UF MAE professor Dr. Jessica Allen recently submitted a proposal that won her a CAREER Award from the National Science Foundation. The NSF presents this award to early-career faculty who “serve as academic role models in research and education and lead advances in the mission of their department or organization.” It is the most prestigious award presented by the NSF, and comes with a five-year federal research grant.
Allen’s proposal was centered on developing better computational models for simulating gait rehabilitation. The computational modeling approach that Allen and her lab use is referred to as neuromechanical modeling, as it focuses on modeling the interactions between the nervous system and the “mechanical” system of muscles and bones. These models could allow for clinical simulations of certain rehab procedures or prosthetic devices on digital versions of patients, so that decisions can be made without having to actually test on that person.
“They hold a lot of promise to be implemented into clinical settings as a digital twin of an individual to improve rehabilitation design and prescription,” Allen said. “But the current state of the art is that the process of actually simulating rehabilitation is not very good, and that’s what we’re trying to improve.”
She explained that specifically, the existing optimization approach needs improvement. An optimization approach is essentially a method of identifying a problem and suggesting a target to aim for. For example, a stroke victim who has lost control of muscles in their legs could aim to optimize their balance and walking ability as suggested by a simulation.
“If you think about humans, they’re very complex robots. Instead of having a motor at each joint, they have muscles, and that provides slight complications to how you might model it,” she said. “You have many, many muscles, but only a few joints, and so you have to learn how to control all those muscles to achieve whatever your goal is.”
However, current optimizations used in neuromechanical simulations are limited because they don’t simulate adaptation during rehabilitation or take into account qualities of each individual’s nervous system that may limit this adaptation.

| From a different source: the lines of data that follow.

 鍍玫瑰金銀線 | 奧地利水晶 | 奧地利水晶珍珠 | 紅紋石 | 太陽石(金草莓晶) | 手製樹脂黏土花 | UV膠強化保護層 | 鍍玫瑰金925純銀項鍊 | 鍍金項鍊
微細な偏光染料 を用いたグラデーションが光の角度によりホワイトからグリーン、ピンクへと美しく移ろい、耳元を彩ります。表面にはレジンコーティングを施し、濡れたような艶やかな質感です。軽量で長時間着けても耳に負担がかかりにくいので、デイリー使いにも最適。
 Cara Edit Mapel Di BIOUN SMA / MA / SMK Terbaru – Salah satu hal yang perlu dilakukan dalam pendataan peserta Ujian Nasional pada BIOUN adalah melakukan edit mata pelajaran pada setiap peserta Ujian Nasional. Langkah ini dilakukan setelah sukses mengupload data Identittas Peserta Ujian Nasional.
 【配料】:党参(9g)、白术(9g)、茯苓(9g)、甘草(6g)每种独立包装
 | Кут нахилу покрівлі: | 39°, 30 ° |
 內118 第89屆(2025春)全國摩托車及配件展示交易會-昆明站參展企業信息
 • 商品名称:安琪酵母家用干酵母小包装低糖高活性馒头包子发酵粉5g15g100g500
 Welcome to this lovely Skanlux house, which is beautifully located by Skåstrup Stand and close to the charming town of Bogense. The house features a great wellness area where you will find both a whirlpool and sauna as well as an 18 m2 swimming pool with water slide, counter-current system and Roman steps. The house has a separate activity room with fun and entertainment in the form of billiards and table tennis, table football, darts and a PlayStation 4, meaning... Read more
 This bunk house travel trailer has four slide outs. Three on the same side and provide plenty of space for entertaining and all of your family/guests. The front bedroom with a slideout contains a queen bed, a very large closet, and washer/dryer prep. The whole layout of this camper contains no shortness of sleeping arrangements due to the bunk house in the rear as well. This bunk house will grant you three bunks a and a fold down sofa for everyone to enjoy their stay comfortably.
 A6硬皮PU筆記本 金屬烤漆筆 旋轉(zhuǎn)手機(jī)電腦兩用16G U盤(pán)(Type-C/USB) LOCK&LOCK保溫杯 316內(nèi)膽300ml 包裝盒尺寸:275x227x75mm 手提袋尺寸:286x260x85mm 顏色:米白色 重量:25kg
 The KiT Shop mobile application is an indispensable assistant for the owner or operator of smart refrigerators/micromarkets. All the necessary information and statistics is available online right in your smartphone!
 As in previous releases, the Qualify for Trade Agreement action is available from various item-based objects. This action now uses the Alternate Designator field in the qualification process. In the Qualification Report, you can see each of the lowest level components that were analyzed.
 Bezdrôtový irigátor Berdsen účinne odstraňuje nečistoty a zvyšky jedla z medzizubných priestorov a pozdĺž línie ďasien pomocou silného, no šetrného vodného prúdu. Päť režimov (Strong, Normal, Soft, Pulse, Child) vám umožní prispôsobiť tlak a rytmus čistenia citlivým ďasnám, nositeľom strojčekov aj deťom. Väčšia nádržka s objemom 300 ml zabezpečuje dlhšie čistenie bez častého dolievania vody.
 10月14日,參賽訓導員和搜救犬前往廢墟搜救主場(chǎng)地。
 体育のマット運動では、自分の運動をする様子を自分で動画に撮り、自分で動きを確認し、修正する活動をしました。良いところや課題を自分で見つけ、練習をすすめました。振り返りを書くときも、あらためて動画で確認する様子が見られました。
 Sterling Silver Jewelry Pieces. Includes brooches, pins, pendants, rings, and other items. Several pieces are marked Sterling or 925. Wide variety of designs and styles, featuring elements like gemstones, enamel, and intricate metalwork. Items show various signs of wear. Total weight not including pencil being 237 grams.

“Current approaches only tell us, ‘If I could turn all of the dials in this body, this is what you would be able to do.’ So it doesn’t necessarily account for what a person can actually do, and it doesn’t model that trajectory over time,” Allen said. “What we want to do is model the rehab process over time and implement qualities of an individual subject that might influence how that trajectory might occur. The current state of the art might predict that they can totally walk normally after rehab, but given their current state, what is an actual realistic outcome?”
She said that the ultimate goal would be to use this award money to continue developing models that would eventually be used in real-world clinical applications.
“The motivation is to try to get this eventually into something that is feasible to help clinicians with rehab prescriptions or to help engineers develop better devices for rehab, and in a way that is accepted by clinicians and by patients,” she said. “It’s fun to do this stuff, but we don’t want to just have our stuff happen on our computer, we do want it to make its way out into the world. One of the things that we’re trying to do with this award is find out from clinicians what they need to know or see from these to provide confidence. And then, what do patients need to know to be comfortable with a computer playing a role in their rehab process.”
Allen noted that good communication between collaborators will be crucial as a key to reach that desired result.
“A lot of times, especially as engineers, we are prone to sitting in our silo. We may interact some with our clinical collaborators, but not quite enough, and so just providing opportunities to have more collisions and meaningful conversations, meaningful collaborations, and meaningful input going both ways I think will help a lot,” she said.
Ultimately, Allen sees a bright future for this project and is eager to use this award and UF’s outstanding resources to make an impact and bring positive change to the field of neuromechanical modeling.
“I’m optimistic. This is a project that I’m really excited about; I’ve been thinking about doing this for a long time,” she said. “I’ve only been at UF for a year and a half, and moving to UF, with the people around as well as all the computational resources, the clinical nearness, I knew that it was going to enhance the feasibility for my group to be able to do these types of problems.”